2. "Go to the top" (DJAKi ASY Remix)
  - 53rd single Go to the Top
3. "No Man's Land" (4 Skips D'n'B Remix)
4. "Ningyo-hime" (N15H vs. HEAVENS WiRE D'n'B Remix)
5. "real Emotion" (KOZM Remix)
6. "Someday" (Big Boy Remix)
7. "show girl" (DJ E-Man Big Show Remix)
8. "Take Back" (E-Man "106" Remix)
9. "Driving Hit's Best Mega Mix"
  - "Moon Crying" (GTS SH Club Mix)
  - "TABOO" (HOUSE NATION Sunset in Ibiza Remix)
  - "Cutie Honey" (MITOMI TOKOTO Big Room Remix)
  - "Driving" (GROOVE HACKER$ Remix)
  - "Lady Go!"
  - "POP DIVA" (HOUSE NATION Sunset in Ibiza Remix)
  - "Teaser feat. Clench & Blistah" (Caramel Pod Dubstep Remix)
  - "Poppin' love cocktail feat.

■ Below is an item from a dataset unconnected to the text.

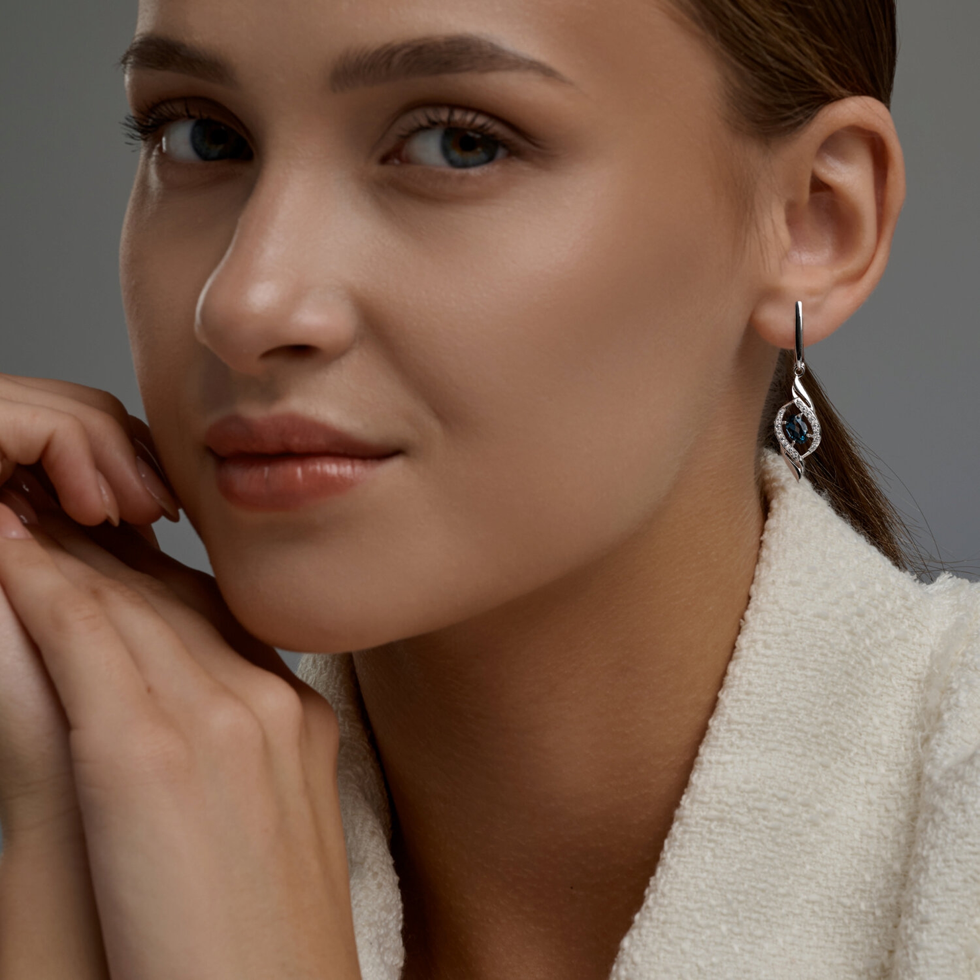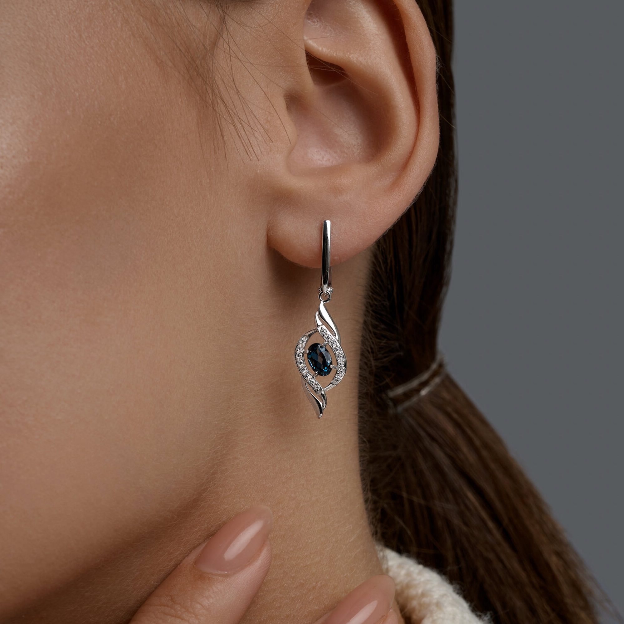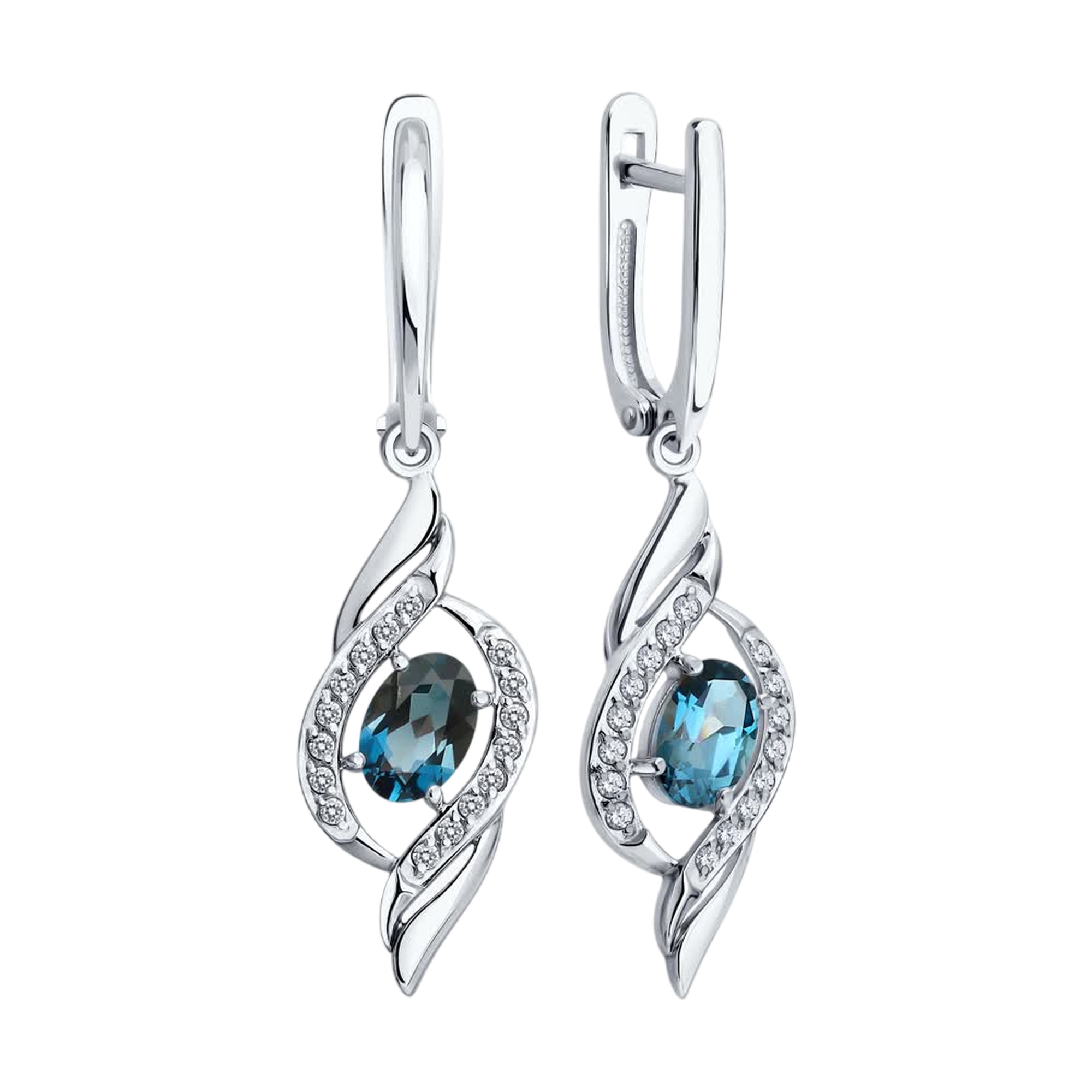 Серьги из белого золота SOKOLOV с фианитом и Лондон топазом 729332-3

TEEDA" (TeddyLoid Remix)
10. "Shake Hip!" (John Fontein (RE:LABEL®) Remix)
11. "AT THE WEEKEND" (Big Boy LA Weekend Remix)
12. "Let's Party" (KOZM Remix)
13. "Koishikute" (Dirt $outh (RE:LABEL®) Remix)
14. "Alone" (Prog5 Classic Remix)
15. "One more time, One more chance" (Shohei Matsumoto & Junichi Matsuda Remix)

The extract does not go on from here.